3
jestdotty
67d

apparently the chance of getting hit by an asteroid that nukes some large hole in the land or causes tsunamis everywhere is a lot more common than humans have seen lately

and asteroids come in chunks because they keep breaking up into smaller and smaller pieces until they finally disintegrate

and earth has had an awful lot of near misses the last 20 years so that means there's a bunch of chunks flying repeatedly though this solar system's gravity wells and we're playing Russian roulette every time, none the wiser

and it's not the asteroid itself that's really the problem though millions will die if one hits. it's that every time those things hit there's actual climate change

so then you'll have to survive sun block out, famines, and floods for like 2-5 years after

but the SPACEFORCE fired the guy responsible for planning for this due to DEI

how to win the game of geopolitics. know this information and hide it from the countries you want to die, wait for an asteroid, and they're unprepared and die. whoops wasn't us!

Comments
  • 0
    When you say they fired him for DEI, do you mean they fired him for being racist?
  • 3
    https://en.wikipedia.org/wiki/...

    This was an amazing example of what could happen.
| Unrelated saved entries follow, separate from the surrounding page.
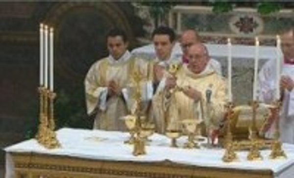 Ensuite l'Evangile était le récit par Matthieu de la confession de Pierre: "Et vous autres, que dites-vous que je suis?", lança Jésus à ses compagnons. Ce à quoi Pierre répondit: "Toi tu es le Christ, le fils du Dieu vivant". Formule à laquelle le Seigneur répliqua par ces mots: "Et moi je te dis que tu es Pierre et que sur cette pierre je bâtirai mon Eglise, et que les portes de l'Enfer n'auront pas prise sur elle." C'est donc sur ces trois textes, étroitement liés entre eux, que le Saint-Père a appuyé son homélie, brève et donnée sans texte écrit:
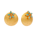 Nuyug 22K Gold-Plated Turquoise Flower Stud Earrings
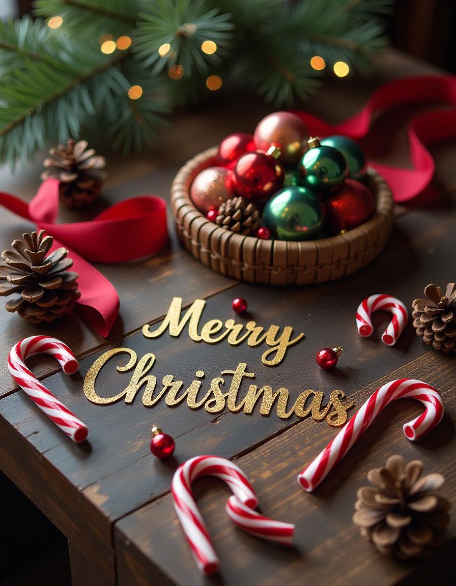 A wooden table is decorated for Christmas with a basket full of red and green ornaments, a red ribbon, pine cones, and candy canes.
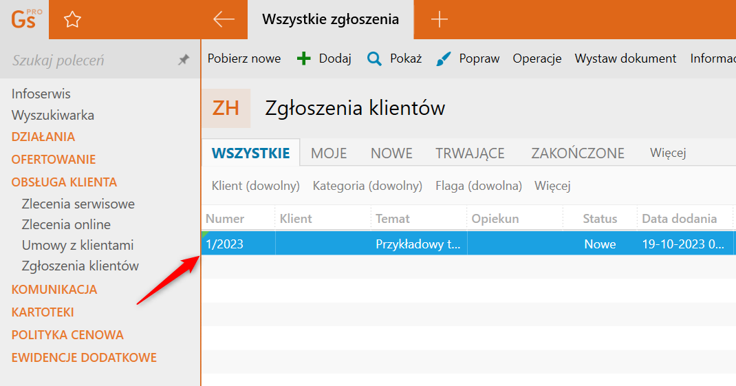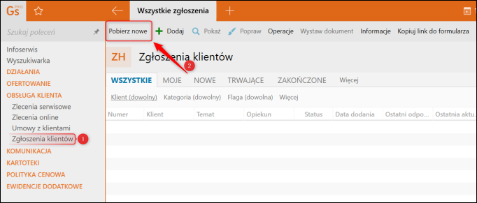 W sytuacji, gdy np. po dodaniu nowych zgłoszeń klientów zajdzie konieczność powrotu do kopii zapasowej utworzonej przed ich dodaniem, brakujące zgłoszenia mogą zostać pobrane z serwera ręcznie. Aby to zrobić, należy​ przejść do modułu Zgłoszenia klientów i kliknąć Pobierz nowe​.
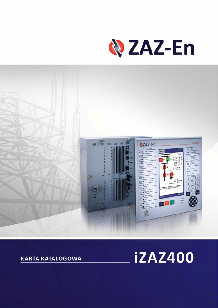 iZAZ400 2 / 12 KARTA KATALOGOWA Zastosowanie Urządzenia iZAZ400 to seria cyfrowych zespołów automatyki zabezpieczeniowej o dużej mocy obliczeniowej, wielofunkcyjnych, z funkcją komunikacji, o maksymalnie 12 wejściach pomiarowych. Urządzenia te, charakteryzujące się wysoką dokładnością i pewnością działania, mogą pracować w układach automatyki jako kompleksowe zabezpieczenia pól średnich napięć (zasilających, łącznika szyn, odpływowych, transformatorów, silników, pomiarowych, itp.), pól wysokich napięć oraz generatorów małej mocy. Przy odpowiedniej konfiguracji sprzętowej i programowej dostępne są automatyki SCO, SPZ, SNO, ZS, SZR, SPP, APZ, a także LRW. Istnieje możliwość zastosowania iZAZ400 jako zabezpieczenia odległościowego pięciostrefowego z charakterystykami poligonalnymi bądź kołowymi oraz funkcjami SPZ jednofazowego, łącza teletechnicznego i prądu wstecznego, lokalizatora miejsca zwarcia, blokady od kołysań mocy. iZAZ400 może również pełnić rolę zabezpieczenia różnicowego linii średnich i wysokich napięć zrealizowanego jako dwa półkomplety z dedykowanym łączem światłowodowym. Oprócz funkcji zabezpieczeniowych i automatyk, urządzenia realizują pomiary, rejestracje, sterowanie awaryjne i sygnalizację. Do komunikacji z zespołem mogą być wykorzystane: dwa porty szeregowe RS-485 (opcjonalnie w wersji światłowodowej), łącze LAN przewodowe lub światłowodowe oraz port USB na panelu operatora. Modułowa konstrukcja daje możliwość optymalnego dostosowania konfiguracji sprzętowej do wymagań zabezpieczanego obiektu. Kolorowy, dotykowy wyświetlacz o przekątnej 7" umożliwia czytelną prezentację układu synoptyki pola wraz z niezbędnymi pomiarami i dodatkowymi informacjami. Swobodnie programowalna logika działania, z wykorzystaniem graficznego edytora, umożliwia czytelny i przejrzysty sposób realizacji różnorodnych aplikacji, zarówno typowych jak i dedykowanych, z uwzględnieniem specyficznych wymagań dla określonego obiektu. Sterownik pola umożliwia sterowanie wyłącznikiem oraz łącznikami z zachowaniem wymaganych blokad funkcjonalnych. Zachowanie uniwersalności sprzętowo-programowej umożliwia zmianę konfiguracji i dostosowanie do różnorodnych obiektów w prosty i intuicyjny sposób. Opracowana przez producenta baza aplikacji daje możliwość stosowania domyślnych rozwiązań. Ponadto istnieje możliwość wprowadzania zmian w konfiguracji, uwzględniających specyfikę zabezpieczanego obiektu i potrzeby użytkownika. Modyfikacja konfiguracji może uwzględniać uzupełnienie realizowanych funkcji zabezpieczeniowych lub automatyk oraz zmianę zależności logiczno-czasowych (m.in. sposób sterowania diodami świecącymi na panelu, sygnalizację na wyświetlaczu, sterowanie przekaźnikami sygnalizacyjnymi oraz sposób sterowania awaryjnego). Rejestratory Urządzenie wyposażone jest w trzy różne rejestratory, umożliwiające analizę zjawisk zachodzących w chronionym obiekcie. Rejestrator zdarzeń – podstawowy rejestrator stanów, zapisywany w chronologicznym dzienniku zdarzeń z rozdzielczością 1 ms. Bufor okrężny pamięci o pojemności 500 zdarzeń. Rejestrowane są pobudzenia, odwzbudzenia oraz zadziałania zabezpieczeń, a także zmiany stanów wejść binarnych, automatyk oraz inne zdarzenia generowane z wewnętrznej logiki. Wszystkie zdarzenia mają możliwość indywidualnej edycji nazw oraz komentarzy, dzięki czemu możliwa jest adaptacja do konkretnej aplikacji, co znacznie ułatwia analizę zakłóceń przez użytkownika. Rejestrator zadziałań – umożliwia analizę ilościową zakłóceń. Oprócz czasu wystąpienia zakłócenia, rejestrator ten zawiera informacje o granicznych parametrach sygnałów, jakie zostały zmierzone od momentu wystąpienia pobudzenia, do odwzbudzenia funkcji, po jej zadziałaniu. Typy i ilość rejestrowanych danych zależą od charakteru funkcji, np. dla zabezpieczenia nadprądowego są to czas trwania zakłócenia oraz maksymalna wartość prądu w tym czasie. Rejestrator zadziałań umożliwia szybką ocenę zjawiska, udostępniając informację o wielkościach kryterialnych które towarzyszyły zakłóceniu. Daje to również możliwość weryfikacji nastawień. Dla typowego rekordu o zawartości trzech danych analogowych (np. maksymalnego prądu lub napięcia) wewnętrzny bufor okrężny umożliwia zapamiętanie do 200 zapisów. Rejestrator zakłóceń – zestaw rejestratorów przebiegów analogowych i dwustanowych, z funkcją rejestratora kryterialnego, umożliwiający pełną analizę zjawisk zakłóceniowych. Urządzenie daje możliwość zaprogramowania do dwóch całkowicie niezależnie nastawianych rejestratorów. Funkcja rejestratora kryterialnego oferuje możliwość rejestrowania dowolnych, spośród dostępnych w urządzeniu, wielkości kryterialnych (analogowych i dwustanowych). 5000.51.04.00.Fx.001 2016-08-18 KARTA KATALOGOWA 3 / 12 iZAZ400 Standardowe ustawienia czasu przedbiegu, wybiegu oraz maksymalnego czasu rejestracji umożliwiają odpowiednie ukształtowanie okna zapisu interesującego nas zjawiska. W celu optymalizacji zapisu długotrwałych zjawisk wolnozmiennych, istnieje możliwość obniżenia częstotliwości próbkowania z opcją sterowania rozrzedzeniem zapisu rejestratora wybranym sygnałem dwustanowym (np. otwarty wyłącznik, stan rozruchu, itp.). Pojemność wewnętrznego bufora jest uzależniona od ilości uaktywnionych rejestratorów, zaprogramowanych kanałów analogowych i binarnych oraz od maksymalnego czasu trwania pojedynczej rejestracji. Dla jednego rejestratora, 8 kanałów analogowych, 64 kanałów binarnych możliwy jest zapis pliku o czasie trwania 1000 s. Cechy funkcjonalne Bogaty zestaw funkcji zabezpieczeniowych i automatyk Rozbudowana lista dostępnych pomiarów, m.in. pomiar wszystkich prądów i napięć oraz wielkości przeliczonych (np. mocy i energii, częstotliwości, tempera
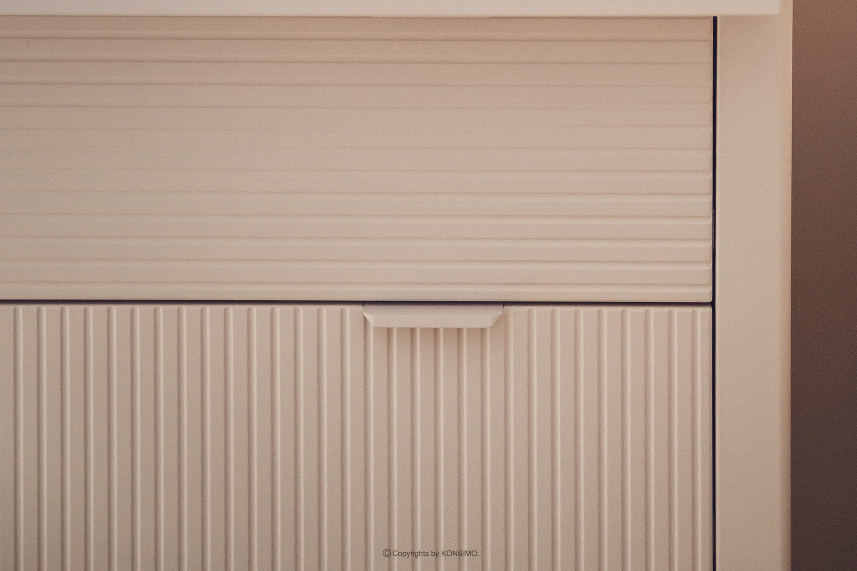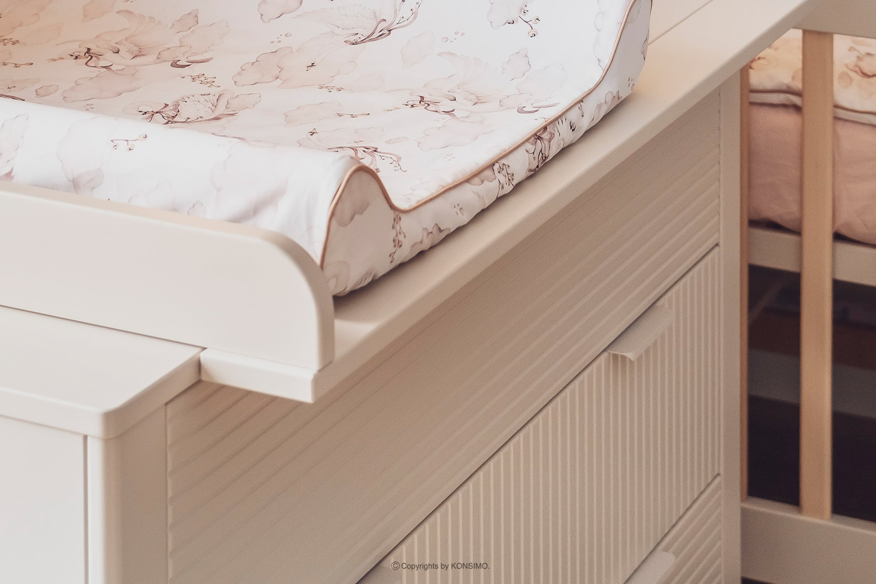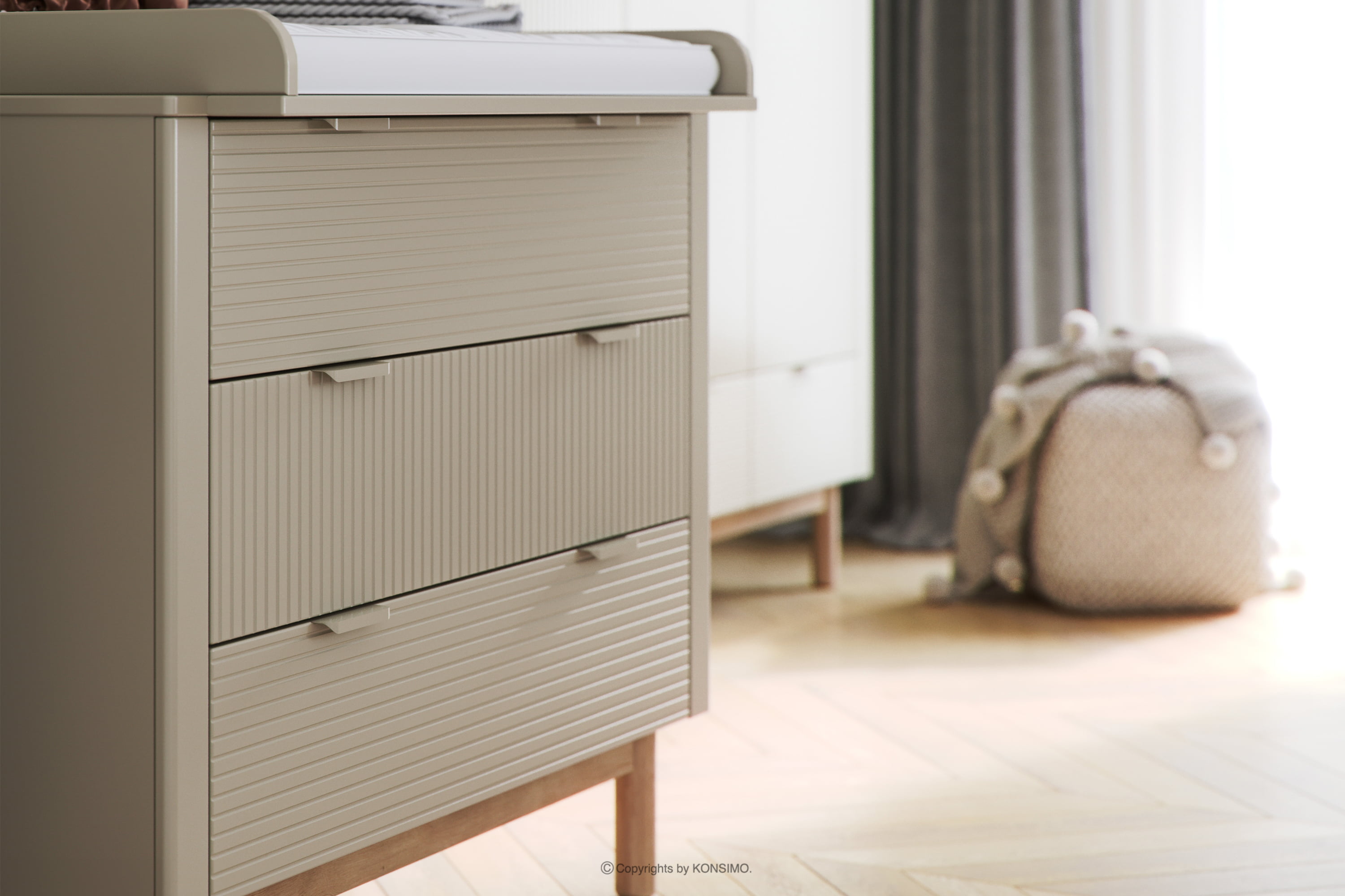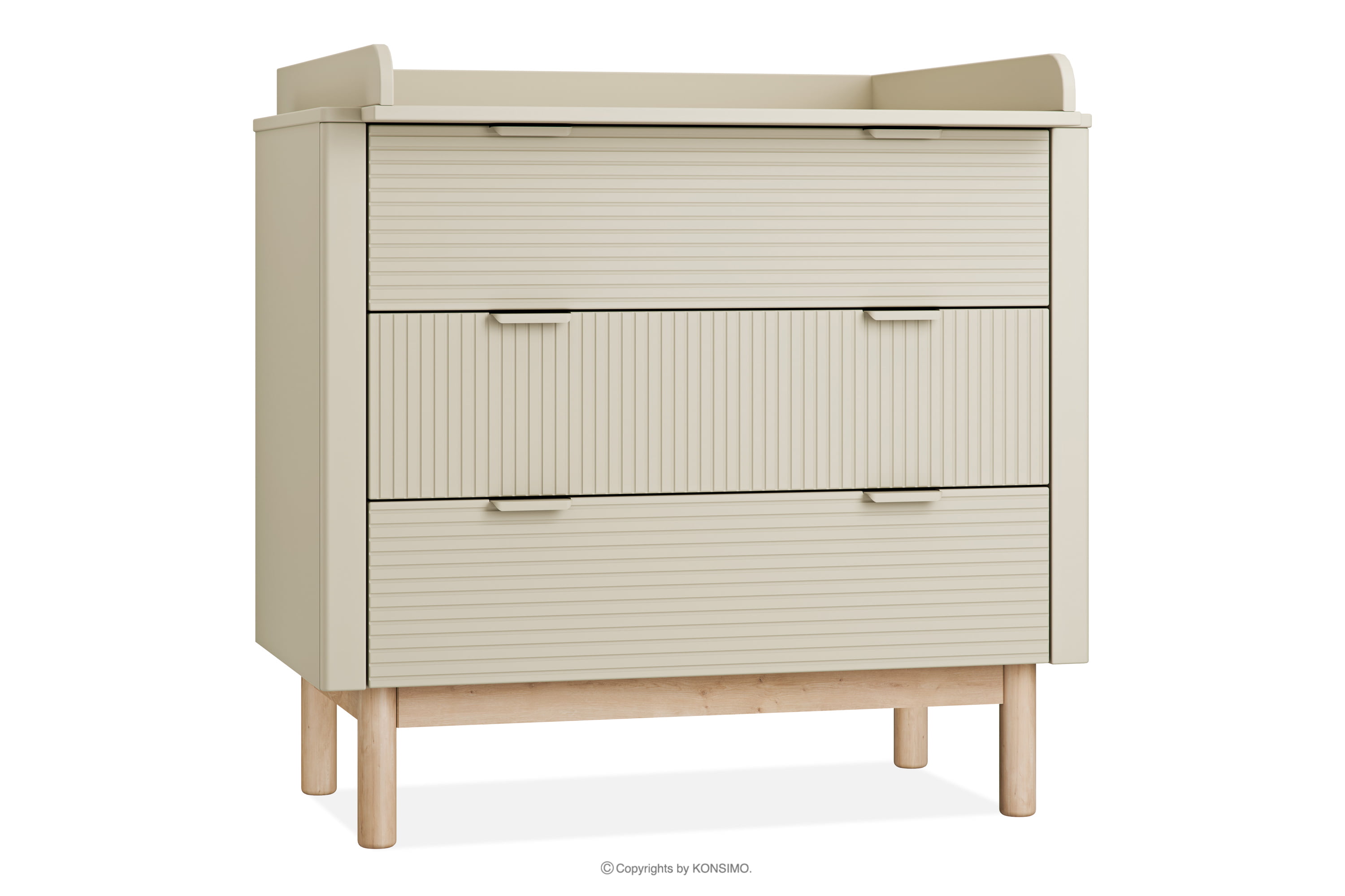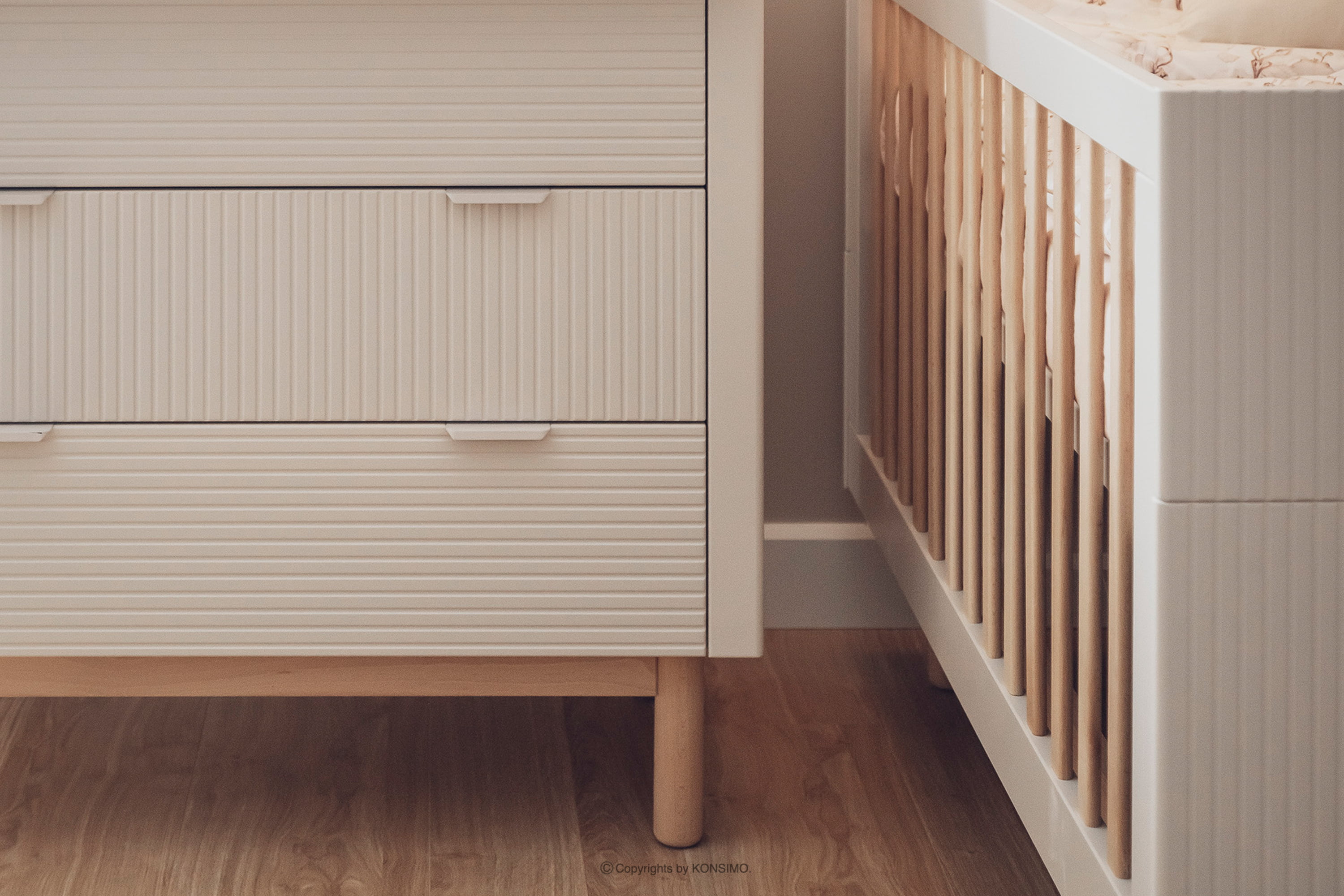 Die beigefarbene Kommode ist nicht nur eine praktische Lösung für die Aufbewahrung von Kleidung und Accessoires Ihres Kindes, sondern auch ein Designelement, das der Einrichtung eine einzigartige Note verleiht. Ihr einzigartiges Design zeichnet sich durch ein Dekor in Form einer zarten Rille aus, die dem Möbelstück Eleganz und Raffinesse verleiht. Die Oberfläche der Kommode ist mit zertifizierten Lacken beschichtet, was die Sicherheit und Qualität der für die Herstellung des Möbels verwendeten Materialien bestätigt.

The largest fragment was 6,000,000 megatons. If left a mark the size of Earth on Jupiter. Jupiter saves us a lot I think.
  • 2
    Another funzie to occupy your mind as you try to sleep tonight - an errant gamma ray burst would flash fry the planet as well....probably wouldn't know it ahead of time either, and I'm not a dentist or whatever, but I think the survivability of something like that isn't terribly high.

    I've also heard of this as yet hypothetical type of matter known as "strange matter" or something like that. If an asteroid made of that stuff hit us, we'd be ultrafucked. It's pretty much Ice 9 from Vonnegut's "Cat's Cradle", but with everything that is made of molecules.
  • 0
    @nosoup4u

    You couldn't ever predict a gamma ray burst, because, well, it travels at the speed of light. No way of knowing where it comes from until it has already hit you.